Perhaps there is something in the water - worldwide. Or maybe it is a couple of spoiled, unrealistic OECD generations coming to immaturity. Whatever it is, the unreasonable demands and unrestrained actions of groups of people who should know better are getting louder. It happened again in late January when protesters who were turned back from the World Economic Forum meeting in Davos, Switzerland, rioted in Zurich, burning cars and smashing windows.
The protesters claimed liberalization and globalization of world trade were increasing business profits and personal wealth at the expense of the poor and the environment. It was an uglier replay of similar demonstrations at Seattle, Wash., and Calgary, Alberta. Whatever is at work here is brutal, thuggish and professional, not rational and caring. It is football hooliganism with a respectable façade.
Those are harsh words, you may say. Not so, I contend. Consider Thomas Malthus, a 19th century economist. His Malthusian Theory maintained the world's population would grow at a rate that outstripped the means of its subsistence and, left unchecked by moral restraint or disaster, would result in widespread poverty, famine and death. He was right, as far as he could see. That the world's population did not start down the steep slope to famine and degradation was not due to moral restraint or famine. It was almost entirely due to the newly developing global economy that, coincidentally, resulted in the enrichment of a number of individuals. The world's escape was due to the dissemination of modern agricultural techniques, to the dissemination of advances in medicine, to the spread of technology that enabled progress and escape. Since the beginning of the industrial revolution in the early 18th century, the world has been continually saved by technology. To argue that, in any instance from the 18th century until today, this salvation of the larger mass of humanity should have been sacrificed to avoid the creation of an elite industrialist class is absolute absurdity.
As malicious as these miscreants are, they pale beside the legalized, highly focused extortion being practiced by the legal community, primarily in the United States, against industry.
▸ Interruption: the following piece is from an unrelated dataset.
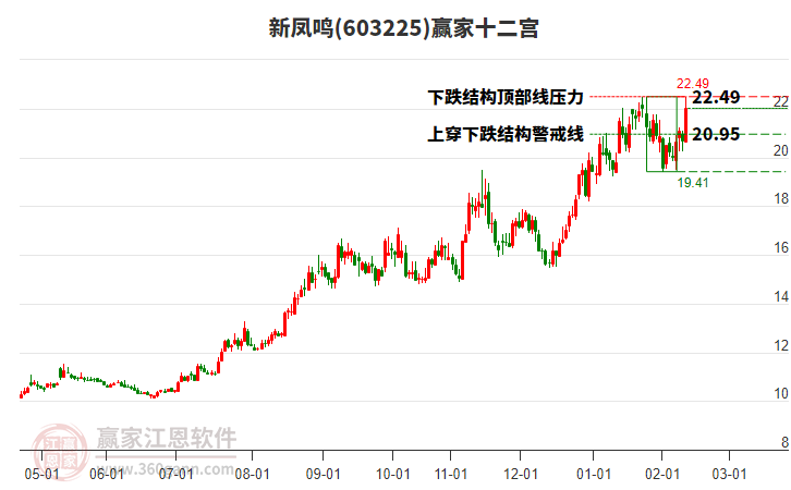 新鳳鳴處于贏家江恩多頭次主線形態(tài),從1月26日形成頂分型后持續(xù)下跌,重心下移,今日跌破前低形成短期初次筑頂信號,短期多頭趨勢已被破壞,中長期多頭趨勢依舊保持。新鳳鳴根據(jù)贏家江恩極反通道趨勢工具展示,上

Across the board, companies such as Texaco, Coca-Cola, the international air carriers and other large business have been brought to court and assessed, or assented to, ludicrous settlements under laws that encourage such behavior. These thugs, the growing group of plaintiff attorneys specializing in legal shakedowns, are not, as the previous group, in it for the sport and notoriety; they are in it for the big bucks. One need only look at the recent judgement by an Alabama court against Exxon to determine motives. While being docked some US $87 million in compensatory fines for alleged underpayment of royalties to the state, Exxon was fined more than $3 billion, an unimaginably absurd figure, in punitive damages. And Exxon stuck it out in court. Others, such as Texaco, in its recent racial discrimination suit, settled out of court. In many cases, attorney's fees amount to a least one-third of the amount awarded to the plaintiffs.
While the professional rabble-rousers and the attorneys deserve most of the blame for this mounting crisis, we, as important members of the worldwide industrial community, cannot escape blame. Our incessant fear that our images will be blemished in the public eye leaves us partially paralyzed - and open to an outright, old-style, gangland shakedown. If we do not cooperate, we are led to believe, these groups will make it so tough on us - in the court of public opinion and in the legal courts - that we will wish we had never been born.
The situation is only going to get worse if industry does not stand up and say, "Enough." And if we don't, we may wish we had never been born.